The Mammogram-DCIS Connection
The number of DCIS cases in the US has risen from roughly two per 100,000 in the mid-70s to 33 per 100,000 by 2004. The condition was very rare prior to the 1980s, which was about the time the push for mammogram as the go-to method for breast cancer detection began.
Mammograms increase the incidence of breast cancer as well as conditions such as DCIS in two significant ways. First, mammograms emit low-dose radiation into the breast area. Exposure to low level radiation by medical equipment is the second largest cause of radiation-induced cancer in the United States in general.
Dr. Johnnie Ham of Prestige Medical Center in Pismo Beach, California, puts the hypocrisy as well as the dangers of mammogram into perspective:
“At medical school one of the first things we’re taught when it comes to finding a tumor is, don’t touch it…yet with a mammogram you take that breast and.., smash!! Now [with mammography], we’re looking [to see] if something is there ─ and if something is there, there’s the chance of smashing that tumour and spreading it to the vasculature and lymphatic system.”
What Can You Do if You Have DCIS?
If you have been diagnosed with DCIS, don’t be fooled like Sandra Lee was into invasive and harmful procedures that may actually cause breast cancer. Instead, do your research, listen to what your body has to say, and seek the advice of a doctor or natural health practitioner that can give you ALL the facts as well as all of the options for preventative and proactive care.

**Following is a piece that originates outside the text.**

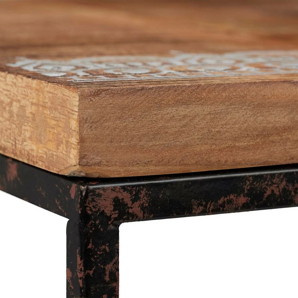 - Design: Sofatisch im Stilmix – Tischplatte mit natürlicher Maserung und Muster – Shabby Metallbeine
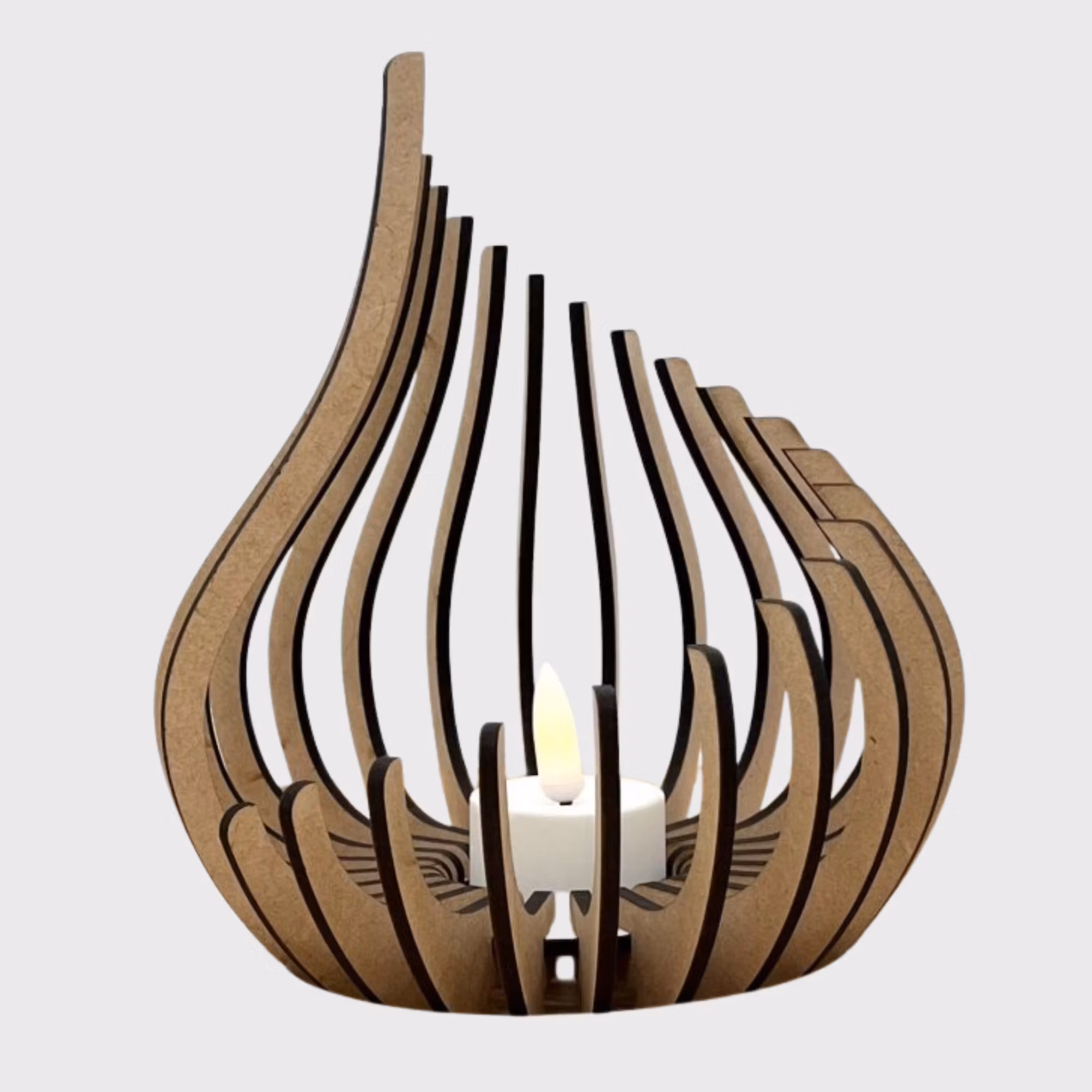 Holderen er skåret i svart MDF med diodelaser, noe som gir presise detaljer og et uttrykk som er både moderne og stemningsfullt.

Unlike the medical professionals that counselled Sandra Lee, there are many conventional doctors who take a conservative, wait-and-see approach to DCIS. There are also non-invasive ways to monitor your breast health. Procedures such as thermography can detect inflammation in the breast tissue. The Oncoblot Test can detect cancerous cells long before mammography can, sometimes when tumors are no larger than the size of a pinhead.
Support your body overall with specific herbs, supplements, and fresh, organic foods. Live a healthy breast lifestyle (which is also a healthy body lifestyle) and monitor your breast health regularly in non-invasive ways. Remember: you are NOT a ticking time bomb if you have DCIS. In fact, time is on your side when it comes to healing from DCIS and creating a healthy breast protocol that is right for you.